А вы представляете сколько такие письма идут? Иногда могут и за неделю дойти, а иной раз,даже в один и тот же город могут идти и месяц, и два. У меня один раз такое письмо шло полгода. Новогоднее поздравление пришло к лету))))))))))))))))Смысл в таких письмах,если оно будет идти долго? К тому времени чел или забудет,или просто сделает су. 
   Хотя может и за неделю дойти,это уж как кому повезёт. Просто тот же майл-агент,скайп и другие похожие системы, та же аська, продуктивнее тем,что письмо получите сразу же.
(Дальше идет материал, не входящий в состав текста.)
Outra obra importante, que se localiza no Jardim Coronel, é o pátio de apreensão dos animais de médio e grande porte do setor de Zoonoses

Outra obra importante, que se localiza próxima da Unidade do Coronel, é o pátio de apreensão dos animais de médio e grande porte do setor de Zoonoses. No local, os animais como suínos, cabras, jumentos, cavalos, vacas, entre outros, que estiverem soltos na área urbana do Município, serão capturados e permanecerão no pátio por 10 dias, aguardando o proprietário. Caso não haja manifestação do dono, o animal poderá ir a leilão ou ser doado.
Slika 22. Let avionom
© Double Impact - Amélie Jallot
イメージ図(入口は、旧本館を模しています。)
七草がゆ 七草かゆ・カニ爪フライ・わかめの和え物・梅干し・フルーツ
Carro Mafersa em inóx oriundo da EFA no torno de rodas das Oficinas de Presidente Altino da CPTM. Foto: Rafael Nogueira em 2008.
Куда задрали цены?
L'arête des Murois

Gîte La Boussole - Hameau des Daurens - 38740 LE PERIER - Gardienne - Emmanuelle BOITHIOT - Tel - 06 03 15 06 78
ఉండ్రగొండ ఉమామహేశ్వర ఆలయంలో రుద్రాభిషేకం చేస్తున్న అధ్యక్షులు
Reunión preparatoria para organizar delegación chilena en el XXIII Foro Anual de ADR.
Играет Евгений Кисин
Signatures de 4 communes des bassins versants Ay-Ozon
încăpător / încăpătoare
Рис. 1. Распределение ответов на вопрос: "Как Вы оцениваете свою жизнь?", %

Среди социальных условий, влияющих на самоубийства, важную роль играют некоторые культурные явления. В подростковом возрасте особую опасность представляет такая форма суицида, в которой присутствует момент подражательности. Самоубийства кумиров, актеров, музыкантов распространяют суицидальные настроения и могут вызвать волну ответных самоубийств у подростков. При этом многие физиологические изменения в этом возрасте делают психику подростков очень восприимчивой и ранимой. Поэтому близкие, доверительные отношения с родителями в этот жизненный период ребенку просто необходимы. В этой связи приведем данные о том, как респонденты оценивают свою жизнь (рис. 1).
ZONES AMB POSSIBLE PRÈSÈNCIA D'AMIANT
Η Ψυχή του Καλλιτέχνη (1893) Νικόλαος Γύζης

Да даже на обычное мыло, дойдёт за пару минут,от силы за час.

----------


## Мара

> А вы представляете сколько такие письма идут?  
> ....Просто тот же майл-агент,скайп и другие похожие системы, та же аська, продуктивнее тем,что письмо получите сразу же. Да даже на обычное мыло, дойдёт за пару минут,от силы за час.


 Я представляю сколько идут письма) кстати, мне с этим всегда везло и даже из Заполярья посылки через 10 дней приходили. Проблема всегда именно с большими городами, в Москву бандероль шла месяц.
Смысл настоящих писем не в оперативности их получения, конечно - скайп, аська, электронная почта в этом смысле удобнее и проще, но письма НАСТОЯЩИЕ, их в руках можно подержать... Это не безликие, одинаковые электронные строчки, это совершенно другое. Получая такие письма испытываешь иные эмоции, чем от электронной переписки, которая, не спорю, тоже может быть интересной и важной.
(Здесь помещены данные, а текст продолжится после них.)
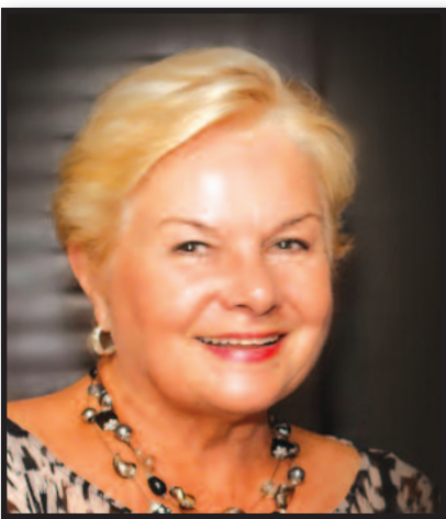
D. Navickienė: Meilė – tai duoti – 10 psl.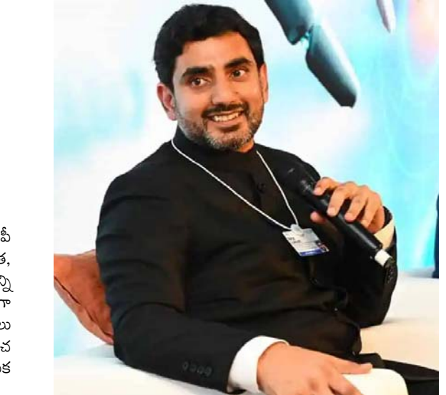
ముఖాముఖి సమావేశాలు నిర్వహిస్తూనే మరోవైపు 8 రౌండ్ టేబుల్ సమావేశాలకు హాజరై ఆయా రంగాల్లో ఆంధ్రప్రభుత్వ విధానాలపై తమ గళాన్ని విన్పించారు. మిగతా.. 2లో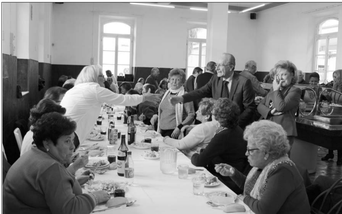
El alcalde saluda a los peñistas en presencia de la presidenta de la Peña La Paz.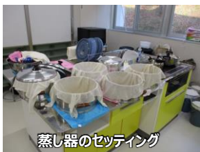
蒸し器のセッティング

12/7(土)のことです。当日、来館していただく地域の方々の笑顔を思い浮かべながらみんなで準備しました。飲食ルームの中央には「雪の立山」と題して立山とコスモスのレリーフも飾りました。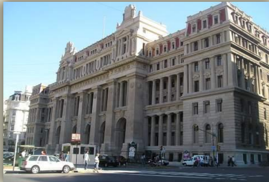
Здание Верховного суда Аргентина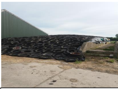
En na een dag hard werken is dit het resultaat. Een mooie wintervoorraad voor de koeien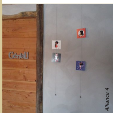
Le badigeon est naturellement nuagé. Ici il a été appliqué sur une cloison en lattis recouverte d'un enduit à l'argile, en 3 couches.

VOUS TROUVEREZ CHEZ ALLIANCE 4 TOUTS LES PRODUITS POUR LA RÉALISATION DE VOTRE BADIGEON AINSI QUE POUR LES ENDUITS À L'ARGILE ET A LA CHAUX. CONSULTEZ LE CATALOGUE EN LIGNE SUR WWW.ALLIANCE4.FR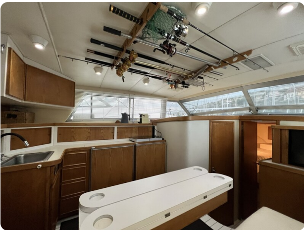
Bertram 33 Sport Fisherman9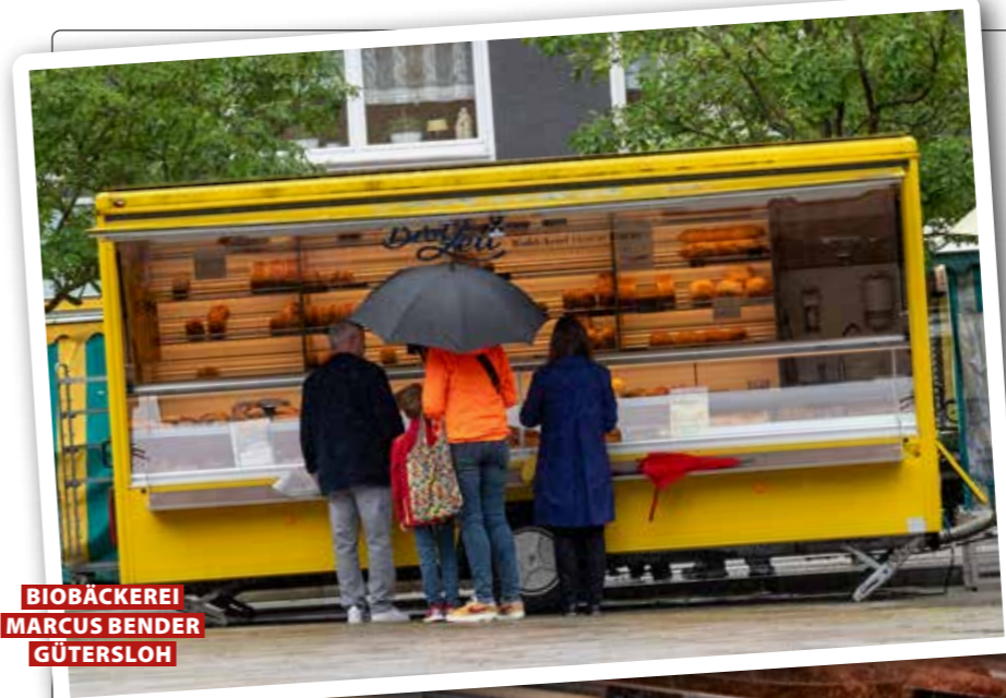
BIOBÄCKEREI MARCUS BENDER GÜTERSLOH

Hochbau • Tiefbau • Klinker • Garten • Holz • Innenausbau • Bauelemente • Bedachung • Fachmarkt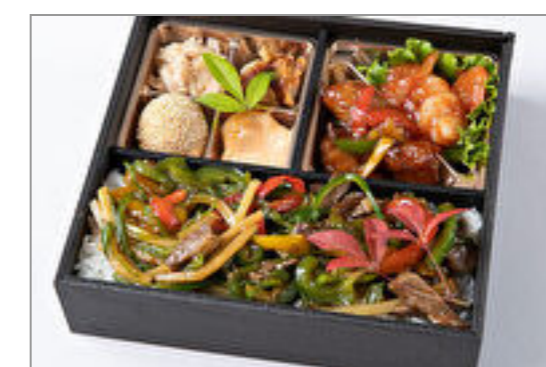
酢豚&エビチリ&チンジャ オロース重御膳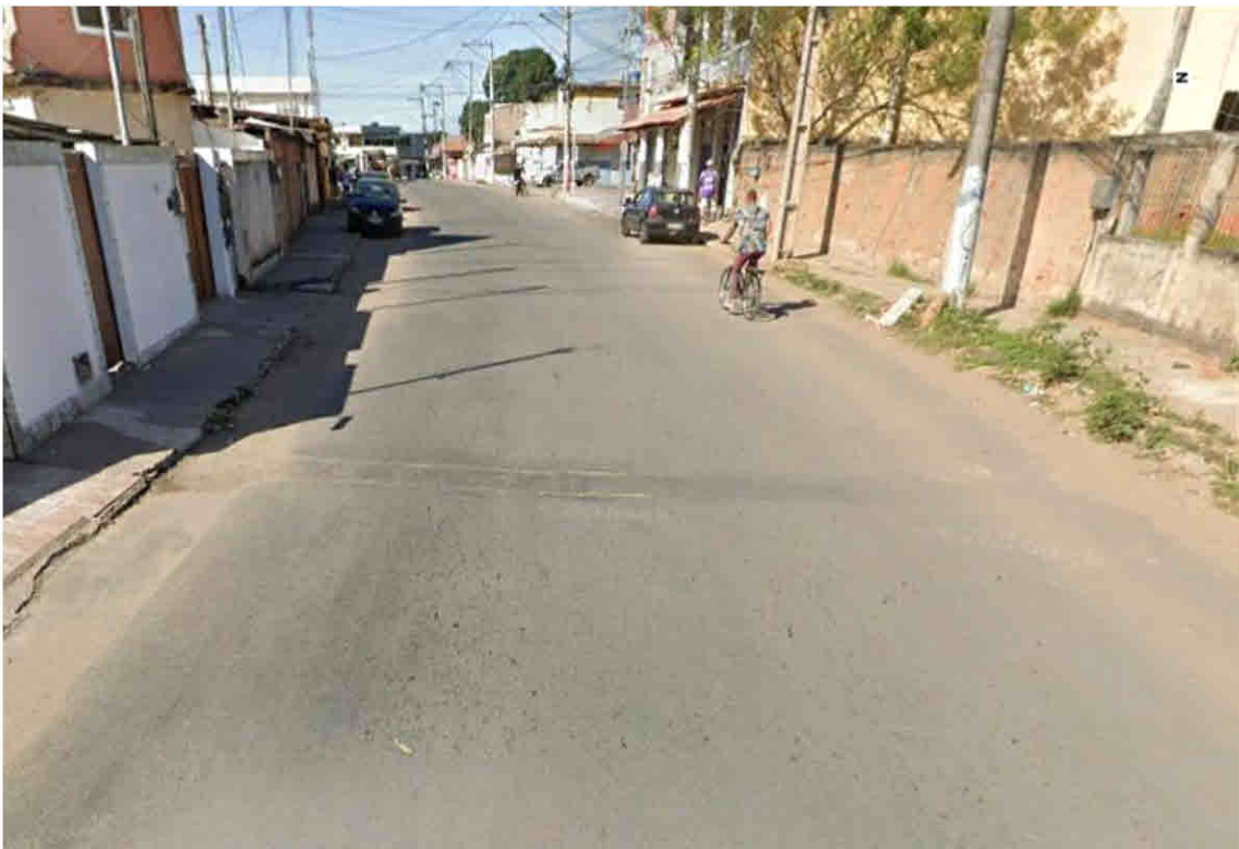
Avenida Rio Grande do Sul - Parque São José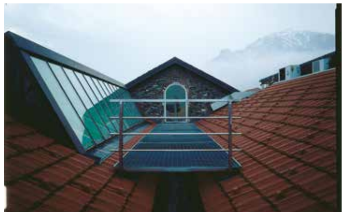
Torre Pellice, Galleria Tucci Russo.

Il work in progress dello studio per l'arte contemporanea di Tucci cresce fino all'ampliamento della galleria (2001-2002) con il recupero di nuove parti del complesso industriale in stato di completo abbandono. Il progetto di Dario Castellino recupera alla contemporaneità dell'arte la memoria di un contenitore che si vuole neutro, in un progetto come un racconto, che è anche continuità visiva e di percorsi (fino all'aerea passerella tra le falde dei tetti che si apre sulle montagne), che ripercorre la vita dell'edificio, attraverso una filologia raffinata e minimale attenta all'essenza,

Вики, ты же хранишь те письма, которые шли к тебе так долго, то самое запоздавшее новогоднее поздравление? наверное оно дорого тебе.

Это все конечно только мое мнение, каждому свое как известно и в наш век высоких технологий эпистолярный жанр  вымирает.

----------


## wiki

Нет,не храню,так как мне писем ни кто ни когда не слал,только сейчас и стала переписываться в электронном виде и в смс виде.
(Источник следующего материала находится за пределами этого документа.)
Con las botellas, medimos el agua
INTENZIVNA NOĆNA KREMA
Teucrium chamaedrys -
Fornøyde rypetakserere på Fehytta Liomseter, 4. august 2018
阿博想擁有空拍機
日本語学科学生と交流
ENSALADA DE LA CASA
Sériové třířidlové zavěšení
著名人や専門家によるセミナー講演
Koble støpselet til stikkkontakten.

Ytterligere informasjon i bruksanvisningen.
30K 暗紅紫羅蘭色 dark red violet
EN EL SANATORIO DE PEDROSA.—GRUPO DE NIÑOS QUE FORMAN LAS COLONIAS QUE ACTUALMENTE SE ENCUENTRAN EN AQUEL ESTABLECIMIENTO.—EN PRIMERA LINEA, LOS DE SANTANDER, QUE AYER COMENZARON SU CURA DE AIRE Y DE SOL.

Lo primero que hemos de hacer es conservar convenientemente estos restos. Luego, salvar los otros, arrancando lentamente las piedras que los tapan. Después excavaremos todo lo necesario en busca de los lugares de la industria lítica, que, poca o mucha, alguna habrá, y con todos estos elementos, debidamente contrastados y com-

  А то новогоднее письмо было отправлено моей бабушкой,её подруге и вот как раз из Москвы в Москву и шло полгода. Специально в городе опустили в ящик,что бы быстрее дошло((

----------


## Мара

А я вот храню письма, это незабываемые восчпоминания, приятно, что их можно подержать в руках...

----------


## wiki

если бы были бы мож и хранила бы, а так вот те же смс-ки,хрен сохранишь-память переполняется и вынуждает удалять(

----------


## Мара

Так давай переписываться!   :Smile:

----------


## wiki

И о чём мы будем писать друг другу???

----------


## Мара

wiki, а что, два человека не найдут о чем поговорить?
можно прислать открытку с видом твоего города или просто понравившуюся.
впрочем, я не уговариваю...это дело добровольное.

----------


## wiki

А какой у тебя город?

----------


## Мара

Самара, не очень далеко от тебя.

----------


## Адольф

Уважаемые, но ведь ожидание чего то чудесно. Например, оставил тут человек адрес свой, и забыл через неделю. А ему через месяц письмо приходит, в котором незнакомый человек делится мыслями, рассказывает о своем коте, работе, проблемах. О своих радостях, своем городе. По моему было бы здорово. Дело не в скорости прихода письма. Дело в том, что оно вообще есть) что оно кем то писалось для кого то)

----------


## zmejka

а еще можно написать письмо от руки, потом отксерить, и выслать на мыло, или еще куда...этакая альтернатива)))

----------


## Мара

> а еще можно написать письмо от руки, потом отксерить, и выслать на мыло, или еще куда...этакая альтернатива)))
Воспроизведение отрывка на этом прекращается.